What are you talking about? The notes (other than Gate Code or Business Hours) are tied to a particular package, not an address or location. So what's the point of leaving a note to other drivers about a package that's been delivered? They'd never see it. I think you're confused.

And if Amazon was concerned about customers seeing a note left by a driver, they certainly wouldn't give us cameras and the ability to snap photos of anything we want and send those straight to the customer's Amazon account.


----------



## UberTrucker (Jan 8, 2016)

Movaldriver said:


> I had a lady thank me for delivering to her apartment. She said it's annoying to have to go to office to pick up her delivery


No way!!! A person annoyed for having to do something. She is the same that will get annoyed because she has to walk 1 or 2 houses down to get into hr Uber. Lol


----------



## oicu812 (Aug 29, 2016)

jester121 said:


> What are you talking about? The notes (other than Gate Code or Business Hours) are tied to a particular package, not an address or location. So what's the point of leaving a note to other drivers about a package that's been delivered? They'd never see it. I think you're confused.

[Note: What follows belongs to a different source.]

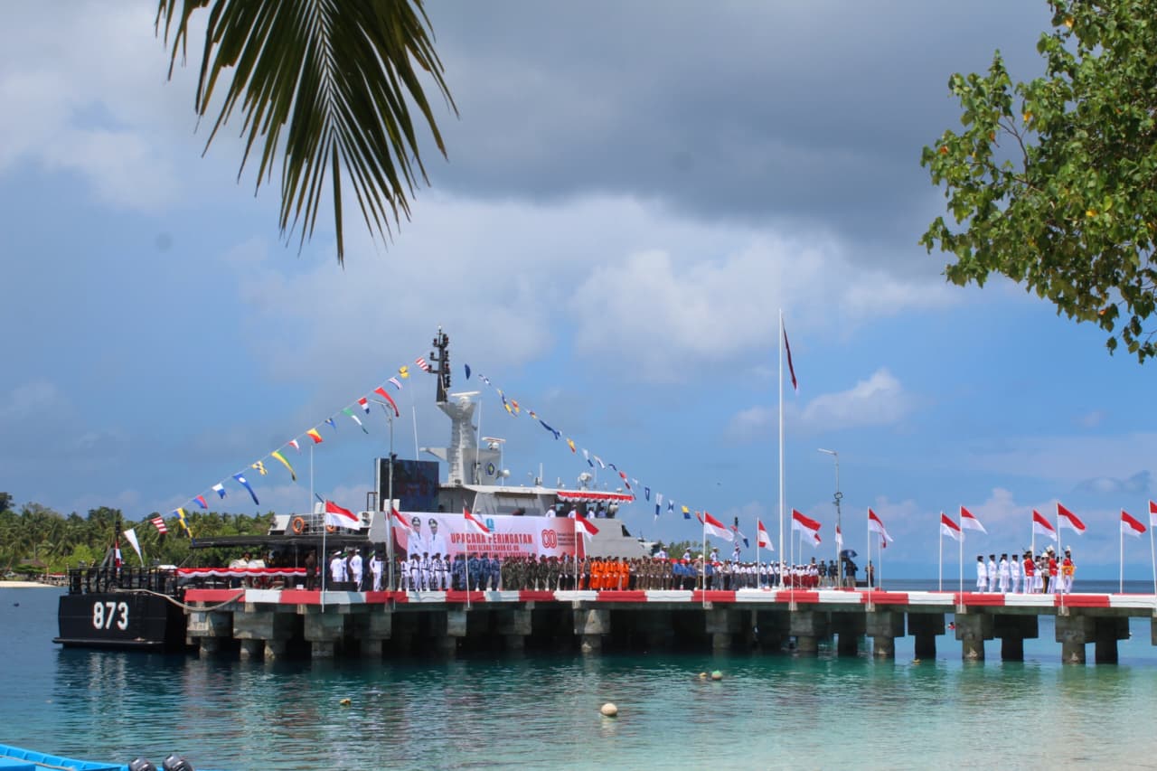 BIAK NUMFOR, BUSERJATIM.COM GROUP – KRI Matabongsang-873 unsur Bawah Kendali Operasi (BKO) Guskamla Koarmada III, turut serta mendukung pelaksanaan Upacara Hari Ulang Tahun (HUT) ke-80 Kemerdekaan Republik Indonesia di Dermaga Mbromsi, Distrik Aimando Padaido, Kabupaten Biak Numfor.

You are the one confused, I've seen numerous delivery notes that say under doormat. Those weren't customer's instructions or notes, those were all left by the previous drivers delivering to the same address. If they were tied to a particular package, why would I see it in a new package I'm delivering to the same address?


----------



## Movaldriver (Feb 20, 2017)

I see stupid instructions constantly. Lately I've been getting gate code that's the person's email address


----------



## DeathByFlex (Nov 29, 2017)

Oh man...I have been using notes all wrong!


----------



## Brandon Wilson (Aug 13, 2017)

I group them together all the time when I deliver to an apartment with a front desk concierge (receptionist) or a mail room. Usually the mail room has an automated locker system so no issues from that. With leasing offices I treat those as my second option after attempting individually. I leave a missed you note with intent of delivering to the leasing office on it.


----------